Iterating over a std::tuple in C++ has always required workarounds. The standard library gives you a heterogeneous container, but it never gave you a clean way to walk through it. You end up reaching for std::apply, or constructing an index_sequence and unpacking it with a fold expression, or writing recursive template specializations. These approaches work, but they carry cognitive overhead that scales poorly when you need to compose or debug them.

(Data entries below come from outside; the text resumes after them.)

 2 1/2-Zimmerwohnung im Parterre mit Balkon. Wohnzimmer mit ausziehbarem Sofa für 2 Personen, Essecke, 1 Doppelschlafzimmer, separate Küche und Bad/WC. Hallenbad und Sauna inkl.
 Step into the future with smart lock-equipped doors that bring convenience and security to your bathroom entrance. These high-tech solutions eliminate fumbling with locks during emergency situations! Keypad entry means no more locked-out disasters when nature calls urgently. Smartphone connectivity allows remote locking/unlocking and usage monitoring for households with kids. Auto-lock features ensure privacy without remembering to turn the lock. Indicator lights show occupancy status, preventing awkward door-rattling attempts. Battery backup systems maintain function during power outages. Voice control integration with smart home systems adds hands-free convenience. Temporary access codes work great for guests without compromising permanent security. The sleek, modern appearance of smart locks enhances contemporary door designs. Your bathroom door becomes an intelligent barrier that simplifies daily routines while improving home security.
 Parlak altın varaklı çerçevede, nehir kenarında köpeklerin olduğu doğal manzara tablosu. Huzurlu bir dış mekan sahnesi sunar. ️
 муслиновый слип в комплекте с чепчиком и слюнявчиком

C++26 addresses this directly with two proposals that Bartlomiej Filipek covers in the final installment of his tuple-iteration series: structured binding packs (P1061) and expansion statements (P1306). The post went up in November 2025, and it serves as a useful retrospective on how each standard revision has chipped away at the problem.

Structured Binding Packs

P1061 extends the structured binding syntax to allow pack expansion. Before this, a structured binding like auto [a, b, c] = t; required you to know the tuple’s arity at the call site. With binding packs, you can write:

auto [...elems] = t;

This binds elems as a pack containing all elements of the tuple. From there, standard pack expansion syntax handles the rest, which turns many tuple-manipulation tasks into one-liners.

Expansion Statements

P1306 introduces template for, a loop construct that iterates over a compile-time range:

template for (auto elem : t) {
    process(elem);
}

The body is instantiated once per element, with elem taking the type of each tuple member in turn. This is semantically what you have always wanted when you write for (auto x : tuple) and get a compile error. The compiler handles the unrolling, and you get code that expresses intent without ceremony.

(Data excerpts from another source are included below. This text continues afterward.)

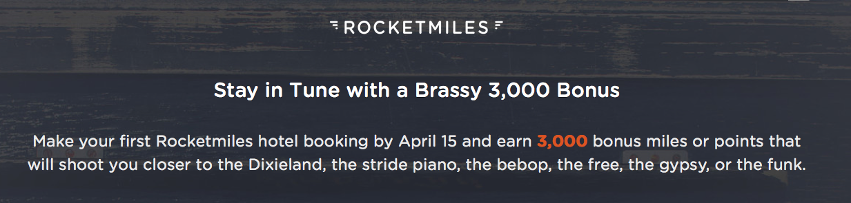 special promotion page at www.rocketmiles.com/jazz-3k. The bonus can only be earned once per member. Book by Apr 15, 16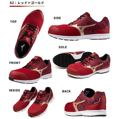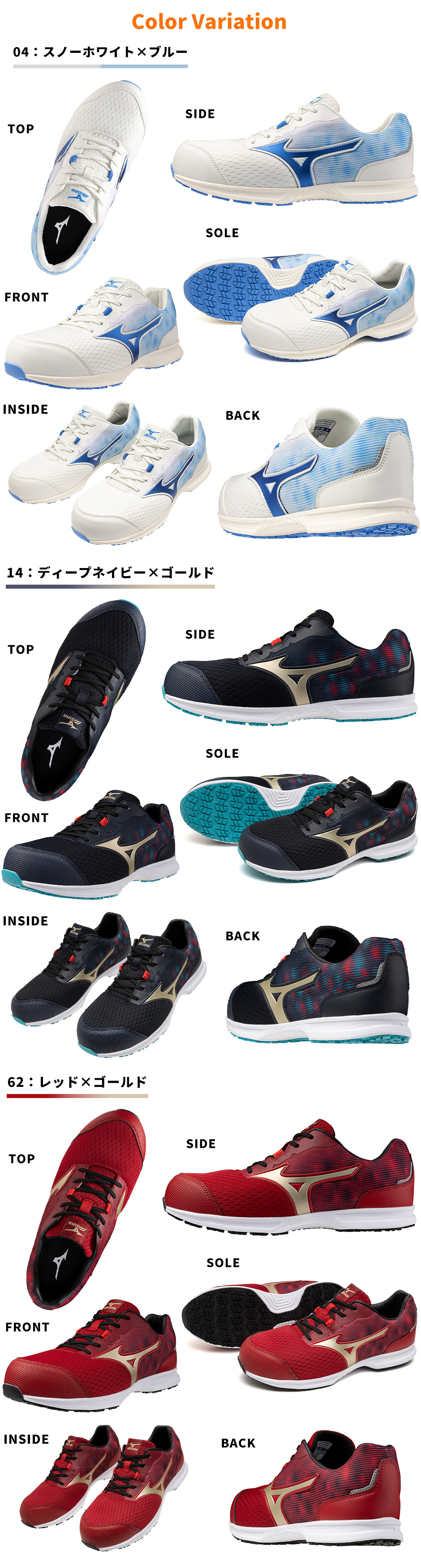 | 多くのアスリートを支えてきた技術を応用。独自のシューズ設計、機能素材、3次元グラフィックス解析と解剖学を用いた動きやすさの徹底追求など、ミズノならではの開発テクノロジーをいかしてワークシーンも支えています。 スポーツシューズを応用したワークシューズの設計 スポーツで培ってきた技術をワークシューズに反映し、動きを止めずに進み続ける足元をサポート! つま先には、野球シューズに使用されている耐久性に優れた素材を採用! ベロの部分には、テニスシューズなどで使用されている通気性のある構造を採用! しなやかな屈曲性を生み出すために、走りやすさを追求したランニングシューズのアッパーパターンを応用するなど、ミズノの知見と技術を結集させたワークシューズになっています! さまざまな作業環境に対応するミズノの6つの設計。 1.丈夫な履き口 擦り減りやすい履き口の内側に人工皮革を使用し、メッシュに比べて丈夫。 2.先芯 つま先を保護するために硬質樹脂先芯を装着。 3.光を反射 夜間作業時に光を反射する再帰反射材を採用。 4.つま先補強 傷みやすいつま先には、耐久性のある人工皮革で補強。 5.耐油性 油による劣化がしにくいラバーソール。 6.買い替え目安 突起部分がスリップサインと同じ高さまでに擦り減ったら買い替えの目安(2ヶ所あり)。 【商品特徴】 |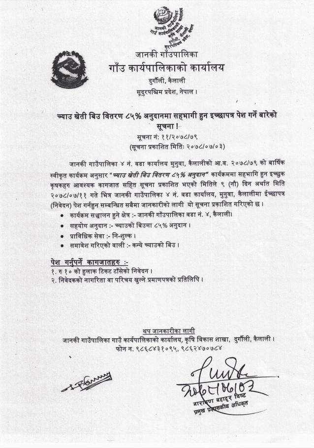 च्याउ खेती बिउ वितरण ८५% अनुदानमा सहभागी हुन इच्छापत्र पेश गर्ने बारेको सूचना ।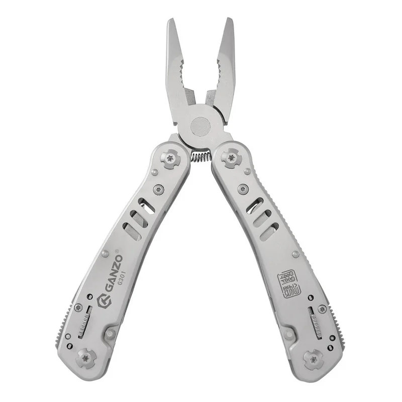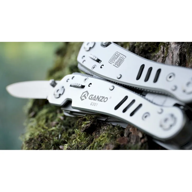 Зручний повнорозмірний мультитул G301 від компанії Ganzo. Великий набір інструментів дозволяє використовувати модель G301 для повноцінного ремонту різноманітної техніки. В комплект мультитула G301 входять наступні інструменти: підпружинені плоскогубці з кусачками, два леза, одне з яких має серейторну заточку, дві плоских викрутки різного розміру, пилу по дереву, ножиці, зенковку, подовжувач для адаптера, консервний ніж.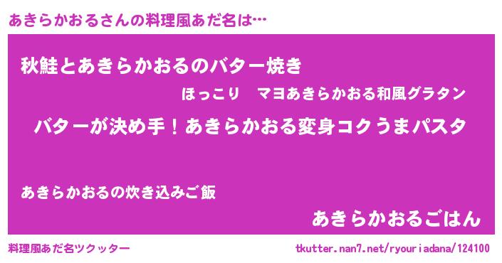 | ヘコむあだ名 | 『あきらかおる(笑)』『なまこ酢』 |

Why the Combination Matters

Binding packs and expansion statements complement each other. Expansion statements are cleaner than std::apply for cases where you need side effects per element; binding packs reduce the verbosity of pack-based manipulation that would otherwise require explicit std::get<I> calls. Together, they compose well: you can put an expansion statement inside a function template and reason about it the way you reason about a regular loop.

Bartlomiej’s series covers C++20 and C++23 approaches in earlier installments, which is worth reading if you are targeting those standards. The progression illustrates how the language has moved incrementally on this problem.

The broader point is that first-class tuple iteration is not a novel capability; it is table stakes for a type-safe heterogeneous container. The new syntax integrates with the existing pack expansion model rather than inventing separate machinery, which is the right call. If you are writing C++26 code, structured binding packs and expansion statements will show up often enough that learning them early pays off.